Re: Overriding mod_rewrite from another module
Thanks for the quick response and the promising idea for a hack. Looking at mod_rewrite.c this does indeed look a lot more surgical, if, perhaps, fragile, as mod_rewrite.c doesn't expose that string-constant in any formal interface (even as a #define in a .h). Nevertheless the solution is easy-to-implement and easy-to-test, so...thanks!
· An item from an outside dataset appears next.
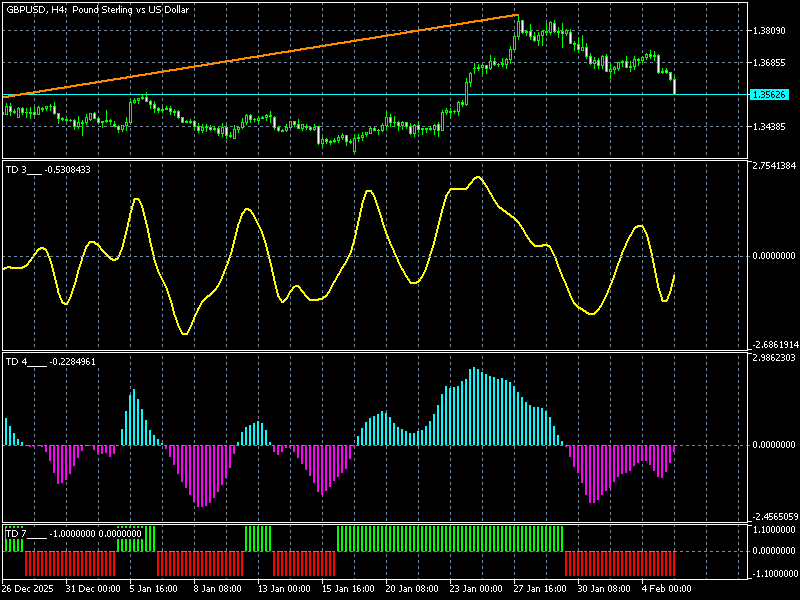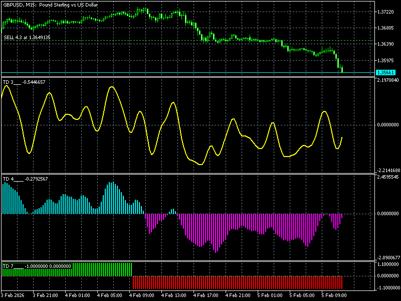 Инд. 4 - пересечение с 0 линией ( + значение - тренд вверх, - значение - тренд вниз),
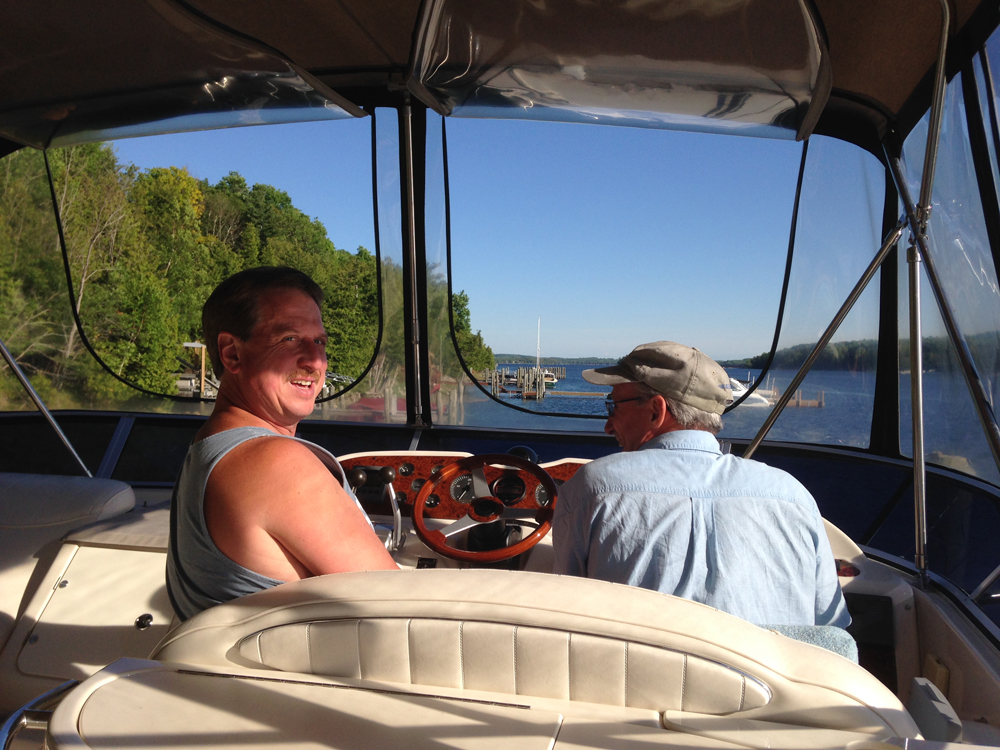 This is one of my treasured photos of my husband and my Dad. A moment in time captured as they were yukking it up. They had just finished a technical project on the boat and it was time to relax and enjoy the evening with family and friends.

I'm also still wondering if there's a good source of official documentation for the detailed semantics of interfaces like ap_hook_translate_name. Neither a Google Search, a stackoverflow.com search, nor the Apache Moduleshttp://www.amazon.com/Apache-Modules-Book-Application-Development/dp/0132409674/ref=sr_1_1?ie=UTF8qid=1293837117sr=8-1book offer much detail. code.google.com fares a little better but just points to 4 existing usages. -Josh On Fri, Dec 31, 2010 at 1:50 PM, Ben Noordhuis i...@bnoordhuis.nl wrote: On Fri, Dec 31, 2010 at 18:17, Joshua Marantz jmara...@google.com wrote: Is there a better way to solve the original problem: preventing mod_rewrite from corrupting mod_pagespeed's resources? From memory and from a quick peek at mod_rewrite.c: in your translate_name hook, set a mod_rewrite_rewritten note in r-notes with value 0 and return DECLINED. That'll trick mod_rewrite into thinking that it has already processed the request.